Patient concerns regarding chronic hepatitis C infections

Summary.  Counselling of patients with chronic hepatitis C infections is often limited to discussions regarding how the virus is transmitted and what can be done to decrease the risk of transmission to others. The purpose of the present study was to document the principal concerns of newly diagnosed and follow‐up patients with chronic hepatitis C, and thereby enhance counselling strategies and content. Seventy newly diagnosed and 115 follow‐up patients with chronic hepatitis C virus (HCV) infection were initially asked in an open‐ended manner (volunteered concerns) and then to prioritize from a prepared list of seven potential concerns (prioritized concerns), to identify those concerns that were of utmost importance to them. The most common volunteered concerns of newly diagnosed patients in decreasing order were: disease progression (27%), premature death (19%), infecting family members (13%), side‐effects of treatment (11%) and miscellaneous others. In decreasing order, prioritized concerns included: infecting family members, development of liver cancer, infecting others, development of cirrhosis, social stigma of having liver disease, need for liver transplant and loss of employment.
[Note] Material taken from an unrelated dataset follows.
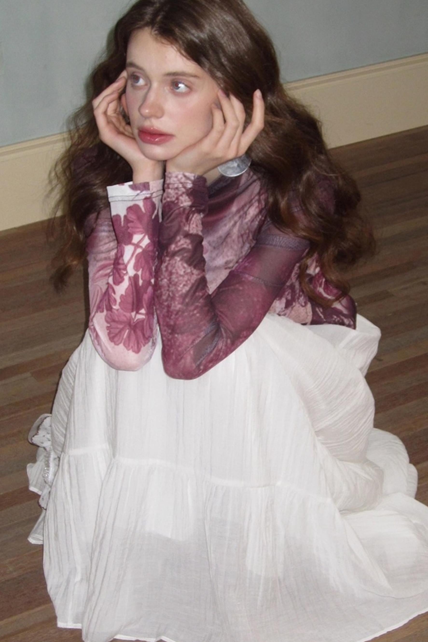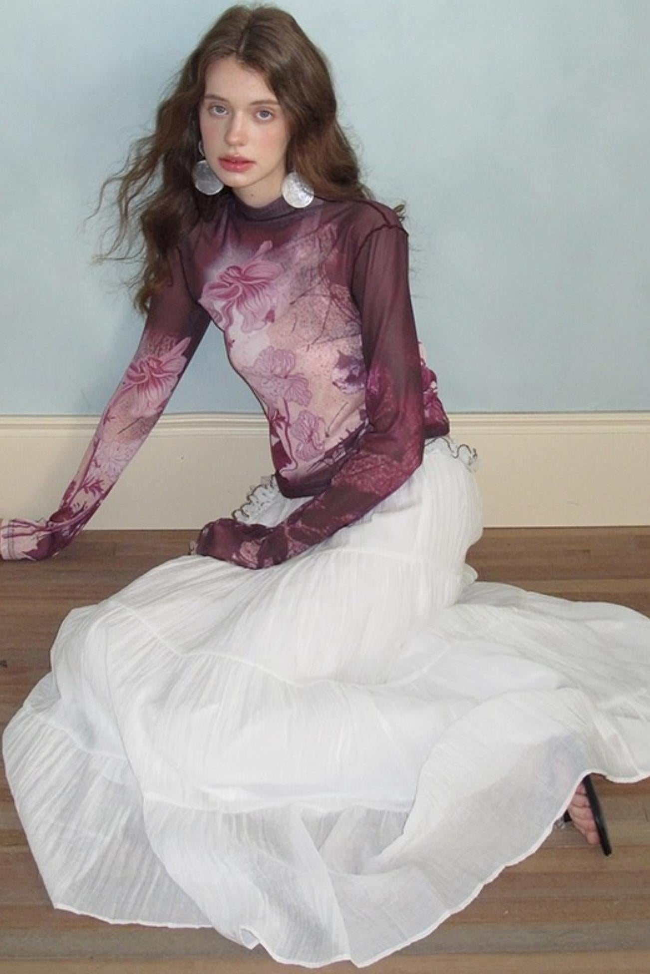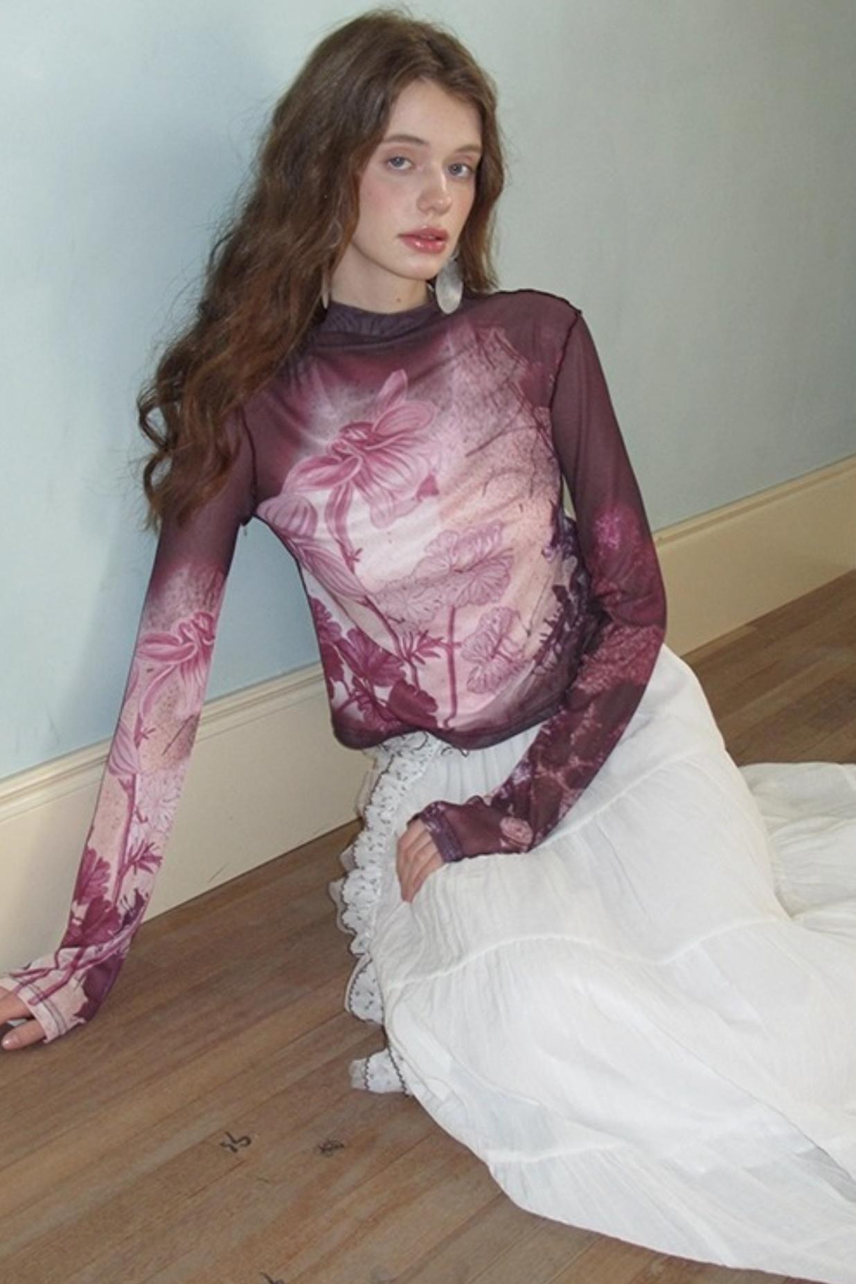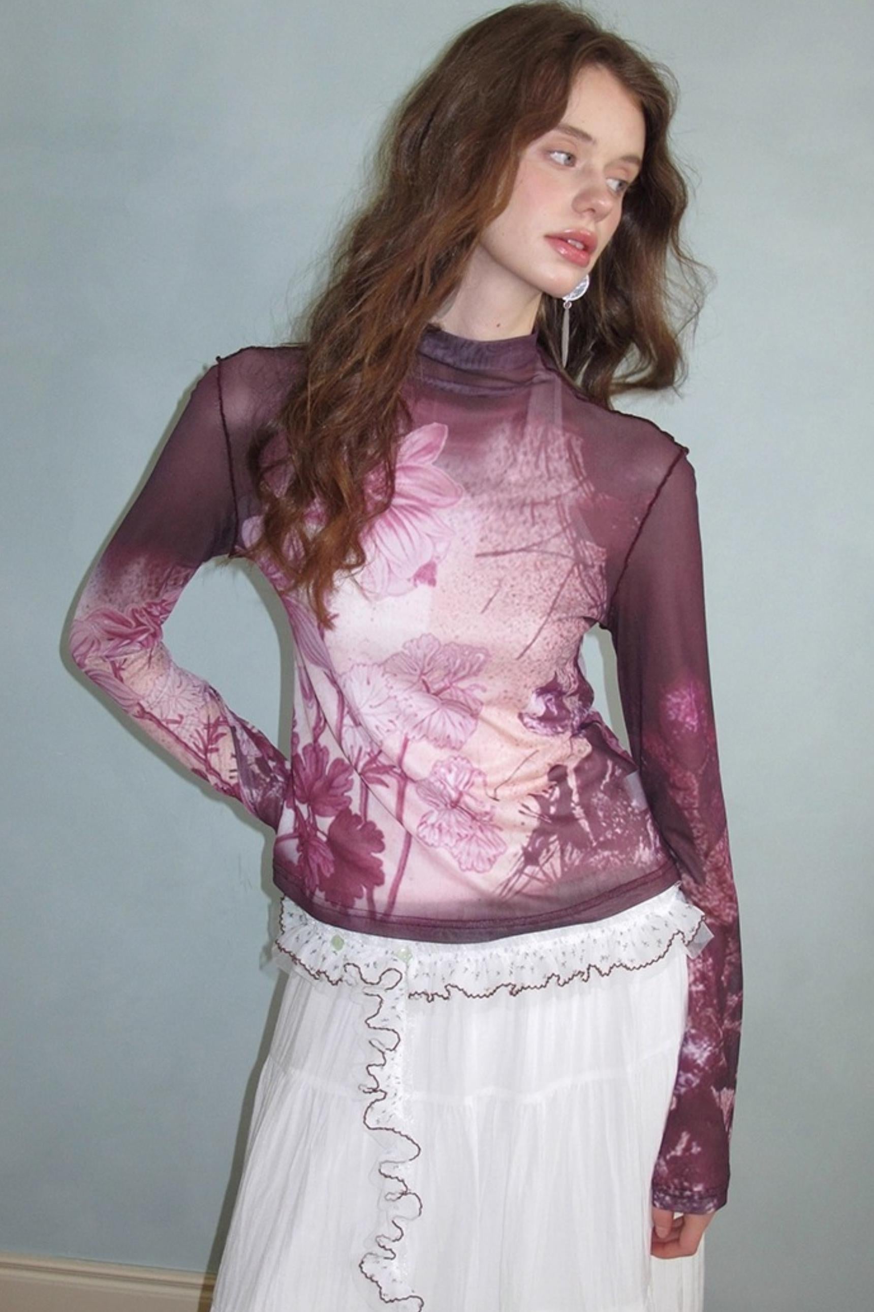 Neoclassical Vintage Turtleneck Mesh T-shirt

The principal volunteered and prioritized concerns of follow‐up patients were similar to those of newly diagnosed patients. Volunteered and prioritized concerns were relatively consistent across the different genders, age groups, ethnic backgrounds, education level, marital status, employment, modes of viral acquisition and in the case of follow‐up patients, duration of follow‐up. These results indicate that health care providers who focus counselling efforts exclusively on viral transmission are unlikely to address other important concerns of newly diagnosed and follow‐up patients with chronic HCV infection.